Pour mieux définir la portée de ce rapport au terrain comme investissement scientifique, Le Breton (2008) précise que cette orientation méthodologique et les chercheurs qui s’y associent ne prétendent pas comprendre ou découvrir le «monde» en lui-même, bref «la» réalité. Il s’agit de relever les procédures de sens, les méthodes de construction de la vie sociale constituée pour et par les acteurs. C’est donc dire qu’elle est microsociale puisqu’elle s’enracine surtout dans l'étude d'un contexte particulier et postule que la réflexivité des acteurs «s'inscrit matériellement dans leurs faits et leurs gestes» (Le Breton, 2008, p. 143). Elle est fondée sur une démarche inductive et est attentive aux activités de pensée et d'action ordinaires et courantes des individus, sans nécessairement préjuger de leur signification.

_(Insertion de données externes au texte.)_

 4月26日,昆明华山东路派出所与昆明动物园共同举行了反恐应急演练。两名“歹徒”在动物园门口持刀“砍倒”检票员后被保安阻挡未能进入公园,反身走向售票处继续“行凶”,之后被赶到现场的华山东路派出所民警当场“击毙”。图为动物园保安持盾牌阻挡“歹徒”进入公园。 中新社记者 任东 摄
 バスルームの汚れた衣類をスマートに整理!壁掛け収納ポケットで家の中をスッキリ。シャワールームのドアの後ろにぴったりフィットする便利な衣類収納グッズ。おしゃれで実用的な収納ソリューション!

À cet égard, les chercheurs revendiquent une posture d'indifférence épistémologique face au terrain, c’est-à-dire un refus de s'engager dans des jugements de valeur ou des prises de position. Les produits de l’interactionnisme et de l’ethnométhodologie ne se destinent pas à offrir un «remède» pour des actions pratiques (Garfinkel, 2007) ou encore à servir des intérêts prédéterminés ou ceux d’un groupe. Leur tâche ne consiste pas plus à proposer systématiquement une critique, ou de porter un jugement «utilitaire» de certaines procédures. Elle constitue précisément une analyse des propriétés de l’objet à découvrir. En lien avec nos travaux, nous avons sur ce point été particulièrement vigilant. Nous avons en effet évité le plus possible d'adopter une posture explicitement favorable ou défavorable à l'égard des conceptions.

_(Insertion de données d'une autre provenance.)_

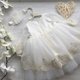Hand made dress with gold lace, pearls and headband for baby girl. Can be as first birthday, baptism, christening and flower girl dress. Also it can be as takehome dress or baby shower gift for baby girl. I can make panties or knit a receiving blanket for this outfit if you need. Your girl will have a great look in this dress.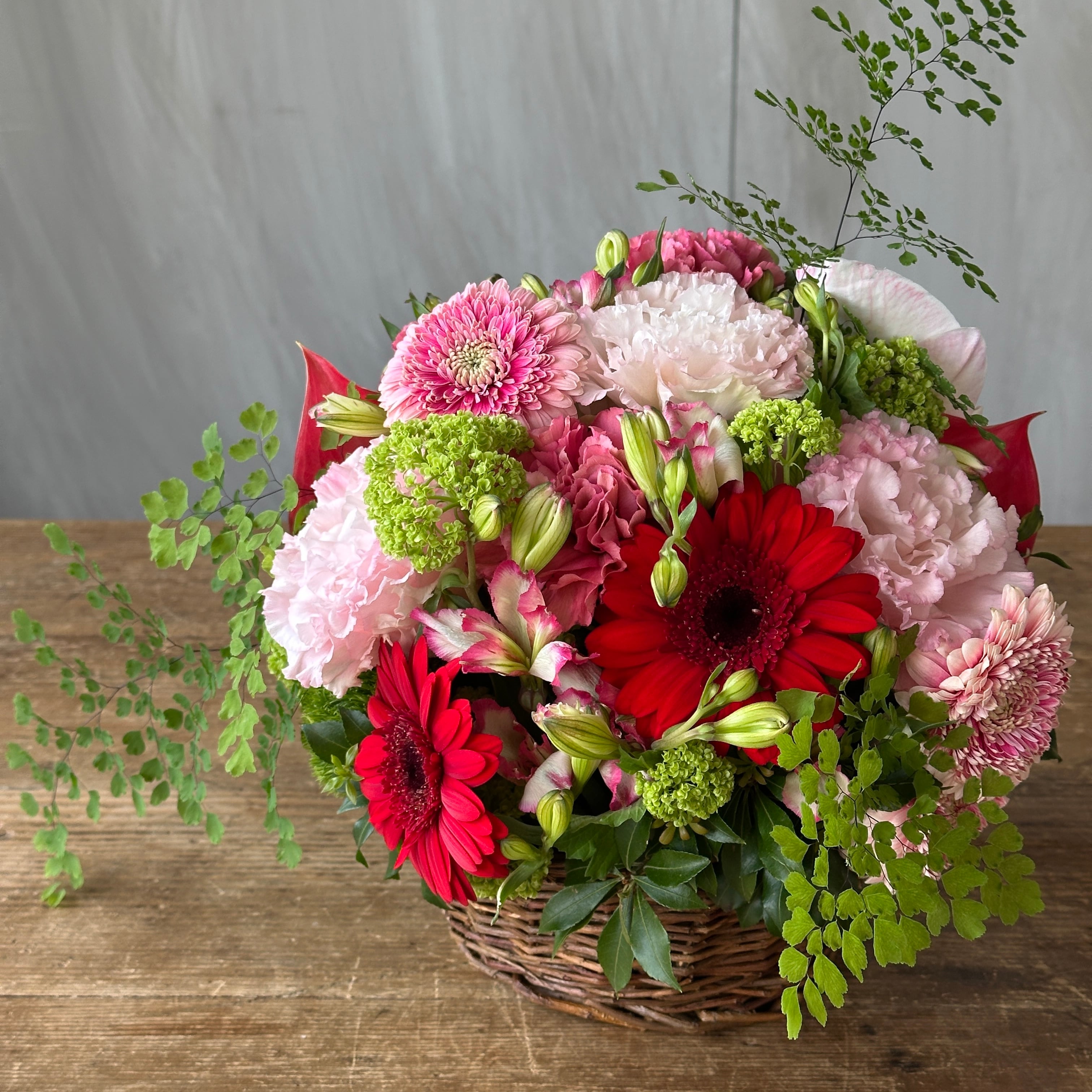 人気のバスケットに丸くアレンジしております

Nous nous sommes inspirés principalement de la posture «positive» adoptée par Charlot (1997) et qui guide l’ensemble de ses nombreux travaux.

Pour la rendre effective, cette posture implique une connaissance approfondie et une bonne réflexivité à l’égard de nos croyances préalables. Plus concrètement dans le travail d’enquête, «le chercheur avance disponible aux événements et aux rencontres, il ne vient pas vérifier des hypothèses mais en

chercher quelques-unes soumises à l'épreuve de l'observation et remaniées au

fur et à mesure de son avancée, dans une oscillation permanente entre une théorie provisoire et un terrain qui permet son ajustement» (Le Breton, 2008, p. 172). L'interprétation n'est ainsi pas réalisée à priori. Elle est induite et construite à travers l'épreuve du terrain. Par ailleurs, dans un autre passage, ce même auteur suggère:

L’enquête de terrain n'est pas un exercice de projection morale du chercheur, mais une enquête rigoureuse, honnête, sur les pratiques et les représentations des acteurs. Si le sociologue ne peut tout à fait s'extraire des préjugés ou des tenus pour acquis qu'il partage avec les membres de son groupe, s'il n'est pas à l'abri des projections personnelles, il dispose en principe d'une distance critique, et surtout d'un contact avec la population d'étude propre à lui permettre de réviser son filtre de pensée pour mieux s'ajuster au terrain. Il s'agit toujours de saisir les significations telles qu'elles sont vécues par les acteurs. La tâche est de mettre en évidence les représentations, les points de vue des acteurs en présence dont l'enchevêtrement forme la trame sociale reposant sur un processus de désignation et d'interprétation (p. 171-172).

Tel que mentionné, pour l'interactionnisme et plus encore l'ethnométhodologie, les significations sont commandées par les contextes. Ainsi, plutôt que de déduire l'analyse d'une série d'hypothèses préétablies, les chercheurs vont au- devant des acteurs pour les interroger et essayer de comprendre. Les produits scientifiques sont pour cette raison, ancrés dans leur réalité, et hautement inductifs.